Wait, what??? Half-time is over???? Where the fuck was I? Who the hell performed? J-Lo? Janet?? Oh, don’t even tell me I missed The Rolling Stones. Jesus Christ, if there’s a poster band for getting laid at “old age” it’s the goddamned Stones. Mick Jagger and my mother were born the same year, you know… which means that man will be SEVENTY next year. Seventy. And so will my momma. Which also means that I will be forty… hence, why you’re reading what you’re reading right now… eh, harumph. Harumph, I say. But like I said, this is not my mother’s forty.
June Delores Hoke was born on January 17th, 1943 to Harold Hoke and Beatrice Leonard. She was the first daughter and fourth child of Harold’s to survive childbirth (third child of Beatrice) and is now the oldest surviving family member of the Hoke siblings, sadly. June, or “Junie” as my dear Uncle Jay calls her, is a kind woman without an evil bone in her body. She’s sweet, but tough, a bit naïve, and overall a really good sport. She’s the hardest working woman I’ve ever known and has instilled that in me, her only daughter, from day one. She’s not particularly “girlie,” which I’m fine with, and her taste in clothing peaks at her teddy-bear Christmas sweaters, but honestly, I’m fine with that, too, because that makes June who she is, and I wouldn’t have her any other way.
Just days before my tenth birthday my folks moved our family from the apartment we lived in, in West Philly, to a house in the projects of South Philly.
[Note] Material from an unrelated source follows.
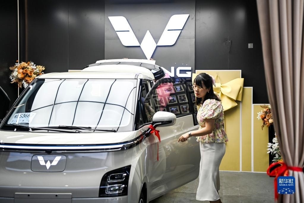 在廣西柳州市一家新能源汽車銷售店內(nèi),一位車主提驗(yàn)新車(7月20日攝)。新華社記者 曹祎銘 攝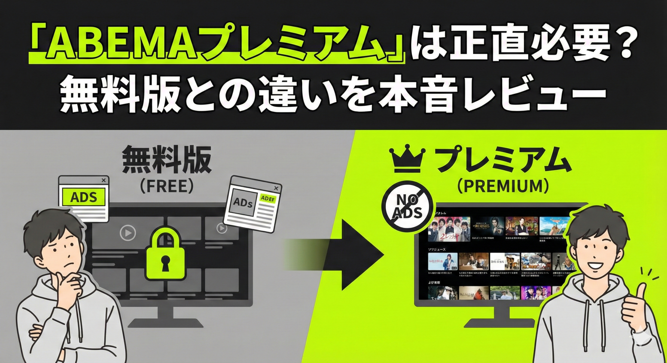 今回は、実際に無料会員とプレミアム会員の両方を経験した私が、**「ABEMAプレミアムは本当に必要なのか?」**というテーマで、無料版との違いやメリット・デメリットを徹底解説します。

They thought this would be a good idea because while the projects are just that, it did allow for me to finally have a bedroom of my own and no longer have to sleep with my mother, so, I didn’t disapprove overall. My mother had celebrated her fortieth birthday just months before (that’s her in the middle with her two younger sisters on either side) and at the time, I didn’t think that forty should look any different. Why would I? She had three kids, lost both parents at a fairly young age, worked her entire life, survived two marriages (one that she was still in that was abusive,) and hell, she had me as a kid, which would be enough to make anyone go batshit crazy and prematurely gray. That is, of course, until I realized that I was forty, or just about, and that I had experienced similar circumstances to what she had growing up. And now, my opinion of forty and of what it should look like has changed quite drastically. Sorry, Ma. To quote a cliché I’ve heard you use hundreds of times in my life… “It is what it is.”

I see it this way, kids: Being “older” is not the end of being beautiful. Yeah, yeah, yeah… I know all about the whole “beautiful on the inside thing” but let’s cut the crap, shall we? Beautiful on the inside is nice, and it gets you things like Ms. Congeniality titles and Nobel prizes, but who the hell wants those anyway, am I right? Does it get you ahead of the line at the club? No. What about free drinks? Nada. Apps at your favorite eatery in Midtown? Shit, no! Oh, I know this all sounds shallow and I’m sure I’ll catch some slack from it, but what I mean to say is that unlike my momma, and I love her dearly, I’m not giving up so fast, so soon. I’ve got years left... YEARS, I SAY! And I give everyone I know permission to poison my scotch if you catch me walking around with a salt-n-pepper Jheri curl and “mom jeans” before the age of seventy. No, you know what… screw it… before the age of eighty. After all, Mick Jagger is seventy and is still totally fuckable.